Nirmala talks of ‘fundamental reforms’ after husband’s critique on economy

Economic slowdown, Nirmala Sitharaman, Nehruvian polic, 1991 reforms, Parakala Prabhakar
Parakala Prabhakar, husband of Finance Minister Nirmala Sitharaman wrote that the BJP's electoral victory had nothing to do with the articulation of an economic road map and its endorsement by the electorate | PTI File

Embracing the PV Narasimha Rao-Manmohan Singh economic architecture could help the BJP-led union government steer the country’s economy out of its present slowdown, advised noted political economist Parakala Prabhakar, who is also the husband of Finance Minister Nirmala Sitharaman.

Thereafter, Sitharaman responded to her husband’s article, saying that from 2014 till 2019, the government has done fundamental reforms.
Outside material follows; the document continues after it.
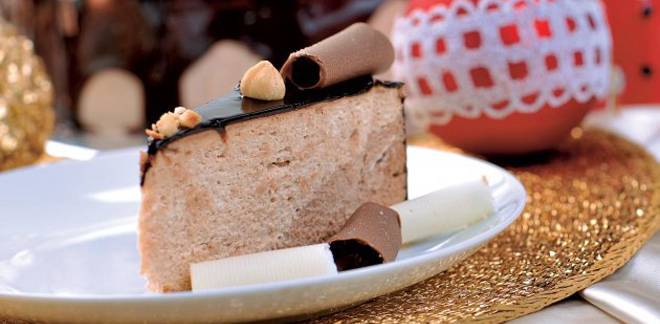 Потребни состојки: За кора: 3 јајца 90гр шеќер 90гр брашно малку масло За фил: 0,5л слатка павлака 20гр желатин 200гр црно чоколадо 150гр бело...

Saying so, she also listed out the measures taken by the government like the implementation of Goods and Services Tax (GST) and the Aadhaar, reported NDTV.

In an opinion piece published in The Hindu on Monday (October 14), Prabhakar listed out the statistics that clearly indicate, according to him, to an economic slowdown — unemployment at a 45-year high, GDP growth at six-year low, net exports have shown little of no growth, among others.

Pointing out at the saffron party has not challenged or rejected Rao’s 1991 architecture, the 60-year-old former communications adviser to the Andhra Pradesh government wrote in his article ‘A lodestar to steer the economy’, “A full-fledged embrace and an aggressive pursuit of it even now could provide the BJP and the government led by Prime Minister Narendra Modi a lodestar to steer the economy out of the choppy waters it is in at present.”

Otherwise, he warned, “macroeconomic thought leadership will continue to be offered to the BJP by the shouting analysts on television and in WhatsApp forwards.”

Also read | Too early and little data to indicate economic revival yet

Prabhakar was referring to the massive shift that occurred in 1991 that led to the liberalisation of the country’s economic policies, expanding the role of private and foreign investments.

In his article, Prabhakar also criticised the BJP for attacking the Nehruvian economic framework, saying “The party’s economic ideology and its articulation were limited to mainly critiquing the Nehruvian model from the fringes of the political spectrum…In economic policy, the party mainly adopted ‘Neti Neti (Not this, Not this’), without articulating what was its own ‘Niti (policy’).”

He further highlighted a rather arrogant feature of the BJP while pointing out the party’s “unwillingness to take its eye off the Nehruvian policy framework ball, which it continues to critique.”

“The ball was taken out of the court in 1991 itself,” the political economist asserted.

Also read | Industrial output shrinks by 1.1% in August, shows data

Repeatedly highlighting the “part-breaking” 1991 economic reforms that ushered during the era of then prime minister Rao and then finance minister Singh, he said, “It (Congress) thus came to terms with the dismounting from the Nehruvian ‘commanding heights of the economy’.”

The political analyst further rued that the BJP’s attack on the Nehruvian economy framework remains more a “political assault” and can “never graduate to an economic critique”, and that the party failed to realise this. “Constructs such as ‘Integral Humanism’ could not be rendered into practical policy initiatives in the modern market-driven, globalised world,” he warned.

He even credited the party’s “muscular political, nationalist, security platform” for helping it ascend to the “centre stage of the country’s political discourse” and then to the seats of power at the Centre and in various states. Its victory, Prabhakar wrote, had nothing to do with the articulation of an economic road map and its endorsement by the electorate.

“Nor did the economic direction the country ought to take figure as a serious point of debate and discussion at any point in the highest platforms of the party,” he added.